US 11,853,043 B1
Controlling operation of machine tools using artificial intelligence
Michael L. George, Sr., Dallas, TX (US); and Michael George, Jr., Dallas, TX (US)
Assigned to AI Technologies, Inc., Dallas, TX (US)
Filed by AI TECHNOLOGIES, INC., Dallas, TX (US)
Filed on Mar. 29, 2022, as Appl. No. 17/707,236.
Application 17/707,236 is a division of application No. 16/824,363, filed on Mar. 19, 2020, granted, now 11,366,457.
Application 16/824,363 is a continuation of application No. 16/686,529, filed on Nov. 18, 2019, abandoned.
Claims priority of provisional application 62/768,267, filed on Nov. 16, 2018.
This patent is subject to a terminal disclaimer.
Int. Cl. G05B 19/418 (2006.01); G05B 13/02 (2006.01); G06N 3/08 (2023.01)

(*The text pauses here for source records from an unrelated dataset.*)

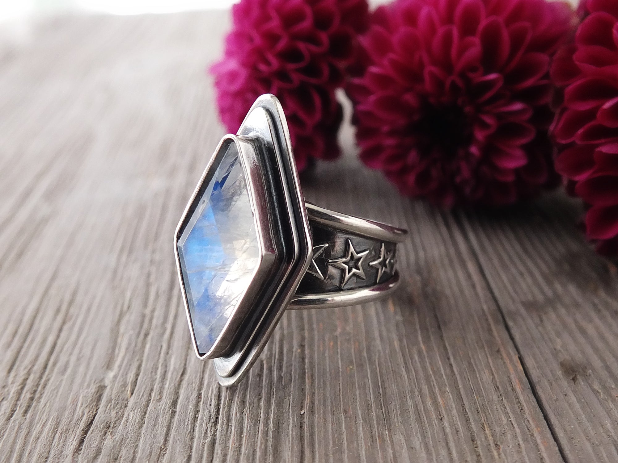 This artisan ring is available for custom sizing. The ring features a beautiful blue flashing Rainbow Moonstone cabochon. The ring photographed is a mock-up of the final design. The stone is currently floating in the setting. When finished and properly set, the ring will have a much cleaner look. Additionally, the band design can be modified to your preference.
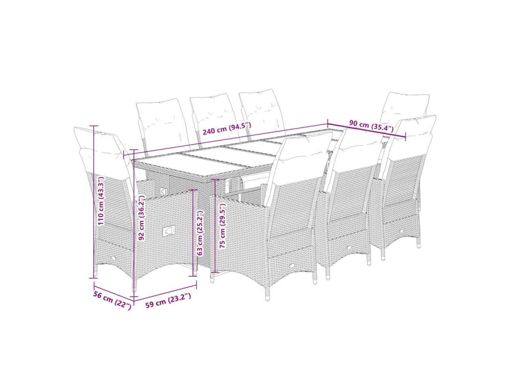 - Rozměry: 240 x 90 x 75 cm (D x Š x V)
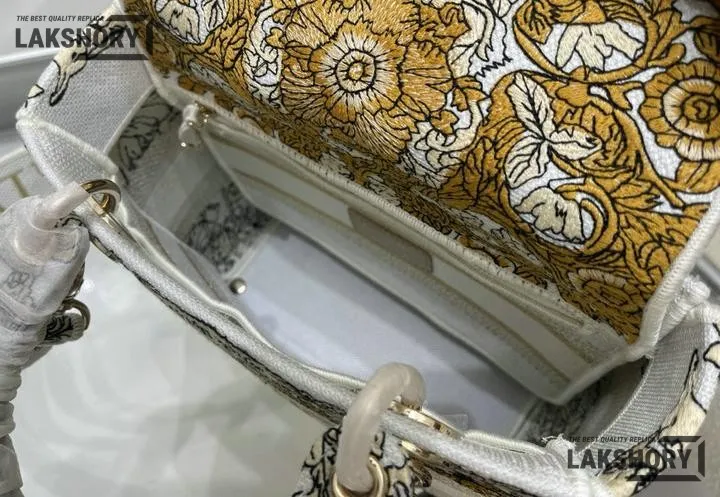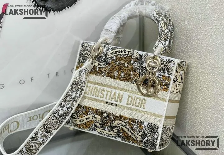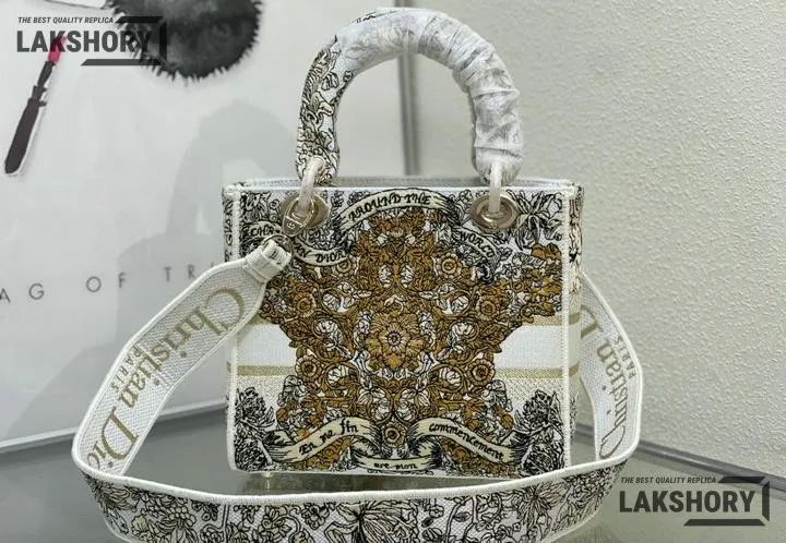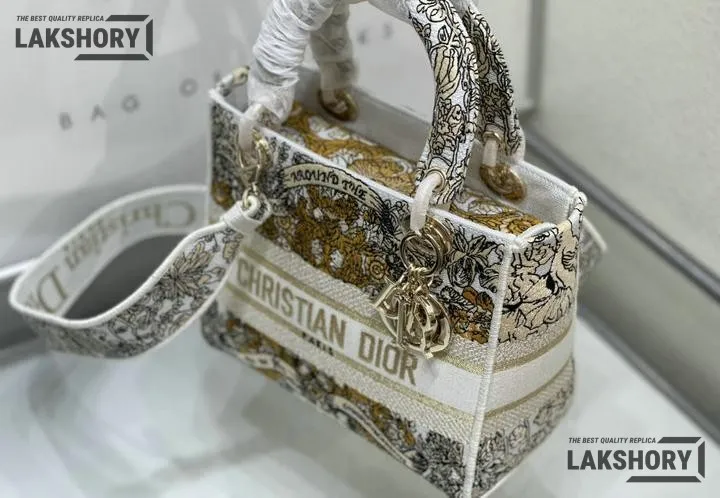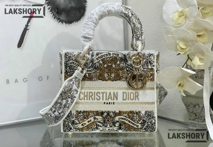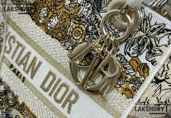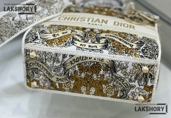 Dior 1:1 Mirror Replica Lady D-Lite Latte Around the World Motif 24CM/9.4IN
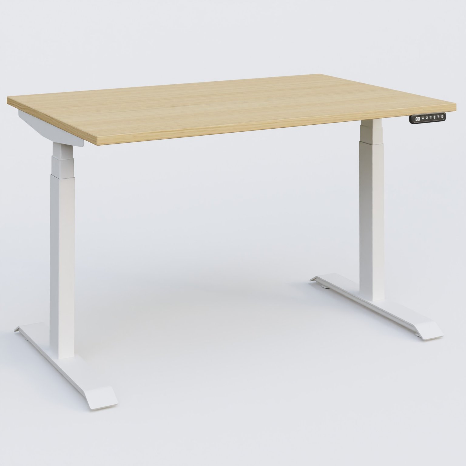Poste solo 120*80 réglable en hauteur éléctriquement de 65-130 cm gamme KPro3. Plateau Chêne clair et pietement Blanc.

CPC G05B 19/4188 (2013.01) [G05B 13/027 (2013.01); G05B 19/41825 (2013.01); G05B 19/41885 (2013.01); G06N 3/08 (2013.01)] 16 Claims
OG exemplary drawing
 
1. A computer implemented method comprising:
assigning machine tool workstations in a factory to multiple pull system groups, wherein each pull system group includes similar machine tool workstations;
using Deep Learning techniques to determine, for the each pull system group of the multiple pull system groups, candidate sequences of current parts to be processed by the machine tool workstations assigned to the each pull system group, comprising:
training, for the each pull system group of the multiple pull system groups, a respective neural network to process a data input representing multiple parts to be processed by the machine tool workstations assigned to the each pull system group and generate a data output representing a candidate sequence of parts that, when processed by the each pull system group, improves a value of a predefined performance metric for the machine tool workstations assigned to the each pull system group, wherein the training of each neural network is performed using respective training examples that are determined offline using a branch and bound method;
receiving data that represents the current parts to be processed by the machine tool workstations in the factory;
processing subsets of the received data using corresponding trained neural networks to obtain the candidate sequences of current parts to be processed; and
verifying whether the determined candidate sequences of current parts to be processed will be delivered on time using Little's Law.